December 15, 2020

Hold fast, for tonight I shall write of the light and the dark and the wind and the waves, each bound to the other, no more or lesser than the other. All needed. All a part of the whole. All teachers.

In near darkness I ended this third swim of December, six days before the shortest day of the year.

I almost missed this swim, almost backed out, almost bagged the whole idea of keeping this up once a week through these powerfully cold, wet and dank months that are the Pacific Northwest winter.

But I reminded myself that there is light on the other side, and I knew that if I could just get myself in I would feel the light. So I pushed through my hesitancy, my dread of the dark and cold, chugged cold coffee, wedged into my selkie suit and with it found my purpose once more. By the time my booties were on, and my husband had carefully zipped me in, reminding me to bring my light, I was practically bouncing with anticipation. I had made it. Adrenaline kicked in and I could hardly wait to get in. I danced to the front door, drawing a smile from my eldest son.

Light and time ran out as I dashed to the water, losing precious minutes hastening back home to fetch my forgotten goggles. On the drive I passed by a young buck snacking mere feet from the edge of the road, his small antlers clean and smooth. He was my unexpected wild gift today.

The goggles weren’t much help after all, as the fading light and cloudy water churned by waves narrowed my view to shadows of clam shells and hovering seaweed.

Swimming is a sort of sensory deprivation on the one hand and sensory enlightenment on the other. Hearing fails, as water fills the ears, eyes struggle to identify murky shapes through fogged up goggles and fuzzy water, while numbing cold dulls the touch, as wetsuits (for those who use them) prevent the kiss of water on skin.

Rough waves jostled me about, pushing me towards shore, and with a quick spot check I just missed running headlong into a beached log jutting out over the high tide. My hands felt heavy from the chill, and I wondered how well they would bend once I finished this swim. Hoping to stave off numbness, I opened and closed them tight each time I paused. The trick seemed to work, and I felt pleased to avoid needing gloves, my hands free to feel all that the water holds.

My view was dim but my glowing buoy floated brightly behind me, tethered snugly to my waist. I was glad to have my lighted beacon, one bright spot in a giant mass of black and indigo waters as I swam north from the landing and into the still waters of Fletcher Bay.

Large clouds of seaweed greeted me as I entered the mouth of the bay, suspended and quiet, like a salty greeting waving me home.

In the bay the towering trees shown black and flat, all color and depth gone with the darkening sky. I paused to catch my breath, check my buoy, make sure the glow was strong, and there it shown bright and inviting just beside me. I instinctively wrapped my arms full around this glowing orange orb, the light of it a comfort equal to the warmth and serenity of a cracking campfire.

I hugged and floated, and spun around to gaze at the layers of darkness. Above me a flock of geese called into the night. It was time to swim home.

Outside of the bay, waves challenged my breaths, challenged my strokes and kept me working hard to get to the finish line.

I paused to check for orcas, a highly unlikely and irrational concern swimming in four feet of water, but fear rose up all the same. The local paper featured a picture of one of these magical creatures just offshore in these waters to the south just the other day.

No dorsal fins appeared, just my own low grade anxiety, a welcome break from the land-based worries we all live under these pandemic days.

So the darkness rolled in on me, fear gripped me briefly as I contemplated orcas, my hands were icy and I bumped my leg on a log as I took my last strokes, but it all worked out just fine.

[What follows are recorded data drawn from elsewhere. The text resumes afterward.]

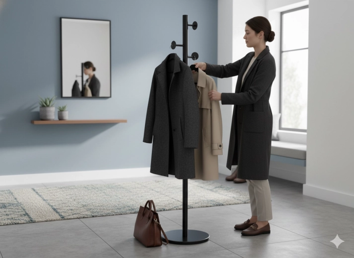 Váltakozó elrendezésű, különböző magasságban elhelyezett akasztók, hogy kabátokat, kalapokat, sálakat és táskákat gyűrődés nélkül lehessen felakasztani.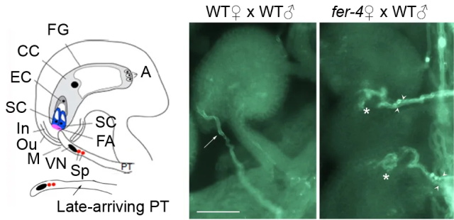论文第一作者、山东农业大学园艺科学与工程学院段巧红教授向记者介绍,一般情况下,一个胚珠只允许一个花粉管进入,以防止遗传紊乱。团队研究发现,多个花粉管进入同一个胚珠这一不正常现象,在拟南芥FERONIA受体激酶的缺失突变体(fer)中很常见。进一步研究表明,FERONIA受体激酶调控了低甲酯化果胶质在丝状器的积累,进而调控了第一个花粉管诱导的一氧化氮在丝状器的积累。一氧化氮对诱导花粉管进入胚珠的诱饵蛋白进行亚硝基化修饰,一方面阻止其分泌,另一方面使其失去诱导花粉管的活性,其他花粉管因此不能进入这个“名花有主”的胚珠。而fer突变体胚珠,低甲酯化的果胶质及一氧化氮在丝状器部位的含量都显著低于野生型胚珠。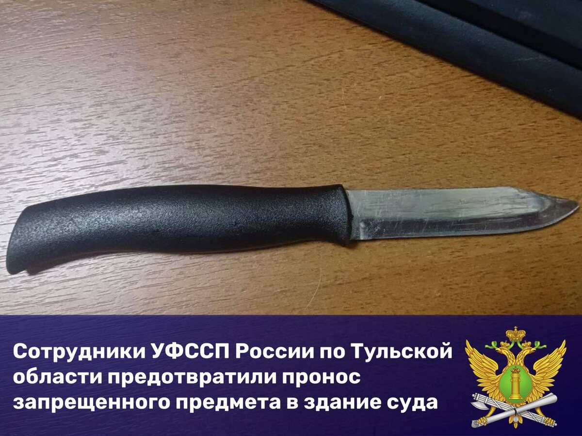 В Ленинский районный суд Тульской области пришла женщина 1971 года рождения в качестве ответчика. При входе в здание судебный пристав, обеспечивающий порядок, предупредил ее о запрете на пронос опасных предметов и ответственности за нарушение правил поведения в суде. Несмотря на это, женщина заявила, что не имеет при себе запрещенных предметов. Однако во время осмотра ее ручной клади пристав обнаружил нож. В отношении гражданки был составлен протокол об административном правонарушении согласно части 2 статьи 17.3 Кодекса об административных правонарушениях, связанный с неисполнением законного распоряжения судебного пристава. Действия судебного пристава предотвратили попытку проноса в суд опасного предмета, который мог угрожать безопасности присутствующих.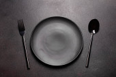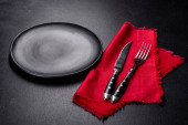 Zdjęcie "Zestaw zastaw stołowych gotowy do posiłku z czarną przestrzenią do kopiowania" może być wykorzystywane do celów osobistych i komercyjnych zgodnie z warunkami zakupionej licencji Royalty-free. Obraz jest dostępny do pobrania w jakości wysokiej rozdzielczości do 5760x3840.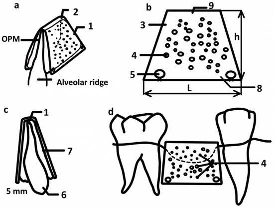 Drawing of a model of an individual titanium mesh in various projections: (a) an isometric view of the relative position of the device, the bone-plastic material and the alveolar ridge; (b) a view of the lateral trapezoidal face of the frame plate, made with an arbitrary arrangement of holes; (c) an additional view of the relative position of the device, the bone-plastic material and the alveolar ridge; (d) a view of the relative position of the device and teeth in any area of the jaw. 1—Lamellar curved frame, 2—upper base of the frame plate, 3—lateral trapezoidal face of the frame plate, 4—holes (diameter from 0.2 mm to 0.5 mm) on the side faces of the plate, 5—holes for mounting fixing screws , 6—alveolar ridge, 7—osteoplastic material (OPM), 8—lower base of the lateral trapezoidal face of the frame plate, 9—upper base of the lateral trapezoidal face of the frame plate, h—height of the defect, and L—width of the intervention zone.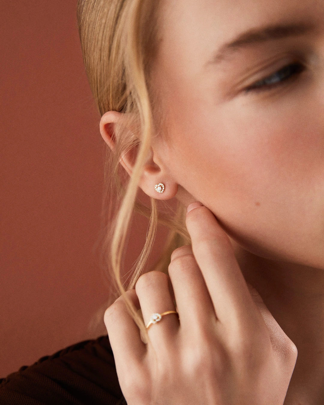 Inspirados na beleza misteriosa do céu noturno, os brincos Ariadne fundem simbolismo antigo com sofisticação contemporânea. Ariadne, princesa de Creta, ajudou Teseu a escapar do labirinto do Minotauro por meio de uma coroa luminosa. Segundo a lenda, este símbolo de amor e coragem foi posteriormente lançado ao céu, formando a constelação de Corona Borealis. O design dos brincos reflete o esplendor desta magnífica tiara de estrelas graças a um requintado solitário de lapidação brilhante, acompanhado por um halo de diamantes em formato de coração. O espaço entre a pedra central e o halo de luz que a envolve cria o efeito óptico de uma coroa flutuante, criando uma silhueta etérea e delicada. Feitos em ouro 18 quilates, os brincos Ariadne são uma homenagem à natureza universal das histórias que contamos para explicar os mistérios do universo e sua conexão com nossas vidas. Uma joia que combina elegância atemporal e brilho eterno, perfeita para revelar os poemas escondidos nas estrelas.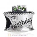 Sterling Silver Birthday Cake Charm Beads with Peridot Austrian Crystal Wholesale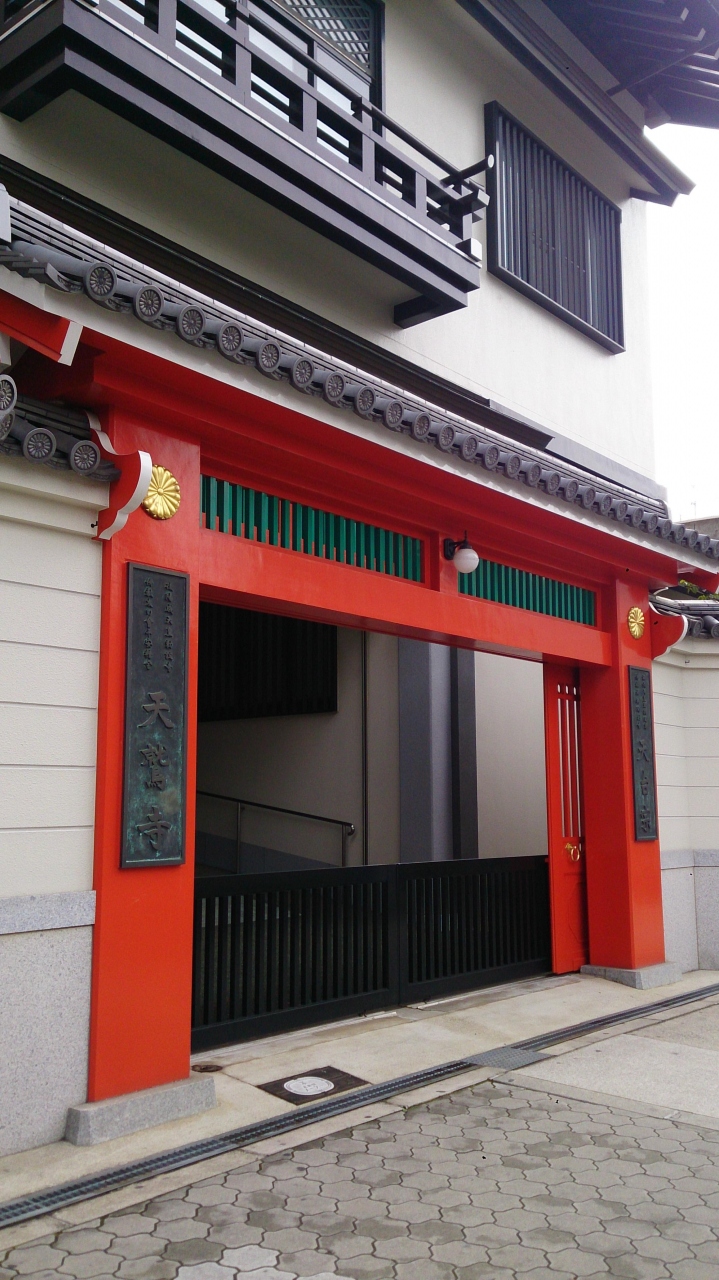 市営地下鉄の四天王寺前夕陽ヶ丘駅の1番出口を地上に上がるとすぐ横がこの寺院になります。寺町であるこの界隈を散策していても、谷町筋を通っていても朱色の山門と建物の最上部朱色の塔が非常に目立っています。建物自体は現代的なビル型の本堂で周囲の事務所ビルや商業ビルの風景の中に溶け込んでいます。このお寺自体は開創1200年の大阪最古の天台宗の寺院で紀州徳川家と縁があり、上野寛永寺と法縁がある寺院です。境内を進むと大仏があって鎮座しており目立っています。

I stepped ashore a little tired and utterly happy. On the flip side of the sensory deprivation and acute challenging sensations of open water swimming is extreme exhilaration. This is the trade off. Most any cold water swimmer or dipper would wholeheartedly agree I think that the cold sharpens the mind’s focus, forces blood to the core, brightens the spirit and the world expands to the infinite.

To float among the fish, and ponder the fact that there are places beneath the surface alive with life that no human has yet witnessed or discovered, now that’s exhilarating. And once out of the water, never is one more awake, never more in the body.

At home I made mint tea and walked lighter on my feet, grateful for another day in the open water.

And now, I go to bed salty, my souvenir of a swim well spent.